Lesson 5 / 7 · ~10 minutes

AGENTS.md:
project memory

Every task starts with a clean slate — the agent doesn't remember what it did yesterday. The solution is a file called AGENTS.md in the project folder: Codex reads it automatically before every task. It's the handover between yesterday and today.

And it has one extra superpower: AGENTS.md is an open standard — the same file is read by Codex, Cursor and a growing list of other AI tools. Write the rules once and they apply to every agent you let near the project. (If you know CLAUDE.md from Claude Code, this is its standardised sibling — the same philosophy.)

What belongs in it

  • What the project is — a sentence or two.
  • How it runs and tests — "open index.html", "tests: npm test".
  • Rules — the language of the copy, what not to touch, code style.
  • Current state — what's done, what's in progress.

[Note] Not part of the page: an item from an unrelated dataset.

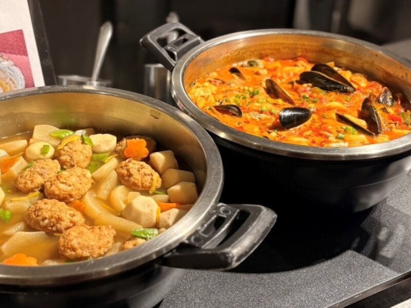 ホタテを使った濃厚なクリームパスタをはじめ、つくねとかぶの煮物、サルスエラ(スペイン発祥の魚介の煮込み料理)など、メイン料理の種類も豊富。気になる料理がありすぎて、迷ってしまいます……! そんな贅沢な悩みを抱えながら少しずつお皿に盛って、結局ほとんどのメニューをいただきました。

Don't write it by hand: the /init command creates it, and at the end of a work session just say "write the current state into AGENTS.md". The agent keeps its own notebook — you just check it now and then.

Builder: what belongs in AGENTS.md?

Eight blocks for a fictional coffee e-shop. Click the four that belong in AGENTS.md, then evaluate.

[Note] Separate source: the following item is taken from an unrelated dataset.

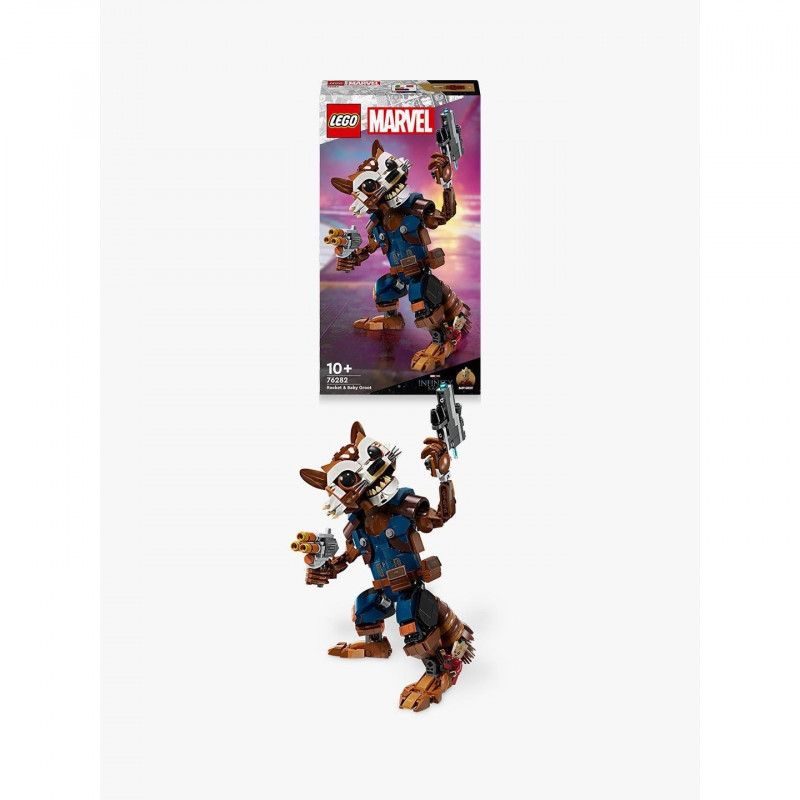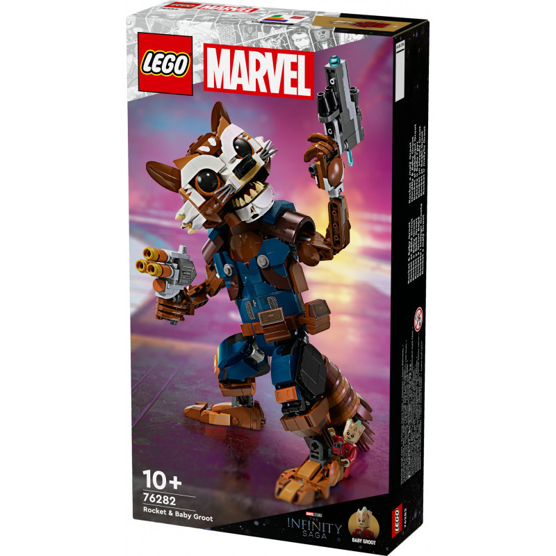 "LEGO Rocket & Baby Groot. Product type: Building set, Recommended age (min): 10 yr(s), Material: Plastic, Number of pieces: 566 pc(s). Package weight: 554 g"\n"Take Marvel film action to the next level with LEGO® Marvel Rocket & Baby Groot (76282). This buildable toy for boys and girls aged 10+ is jointed, authentically detailed and stands over 22 cm (8.5 in.) tall. More than just a kids' construction toy, this Rocket action figure is a realistic recreation of an iconic character from Marvel Studios’ Guardians of the Galaxy.

"Project: the Zrnko e-shop. Static HTML in the web/ folder, products in data/products.json."

Belongs — what the project is and where things live. The first thing the agent needs for every task.

"Admin panel password: Zrnko2026!"

Doesn't belong — never put passwords in AGENTS.md (lesson 4). The file travels with the project and every tool reads it.

"Run: open web/index.html. Tests: npm test — run them after every change."

Belongs — exactly what the agent needs to check its own work without asking.

"Monday we tried blue, Tuesday green, Kate wanted beige, so maybe beige…"

Doesn't belong — a diary of experiments eats context and doesn't help. History lives in git; keep only standing decisions here.

"Rules: write copy in English. Don't change anything in the photos-original/ folder."

Belongs — rules and prohibitions apply to every task without reminders. And since AGENTS.md is a standard, other tools honour them too.

"Agent, please work thoroughly, creatively, and think like a senior developer."

Doesn't belong — empty incantations improve nothing. Spend context space on facts about the project.

"State: catalogue and cart done. In progress: payment gateway — waiting for test credentials."

Belongs — current state and unfinished work. The next task knows exactly where to pick up.

The entire contents of app.js, copied into AGENTS.md "so the agent doesn't have to look for it".

Doesn't belong — code lives in files and the agent reads it by itself. A copy only goes stale and eats context.

Summary

  • Codex reads AGENTS.md before every task — and other tools understand it too.
  • It holds: what the project is, how it runs and tests, rules, state.
  • Not: passwords, diaries, copied code, incantations.
  • /init creates it; delegate the updates to the agent.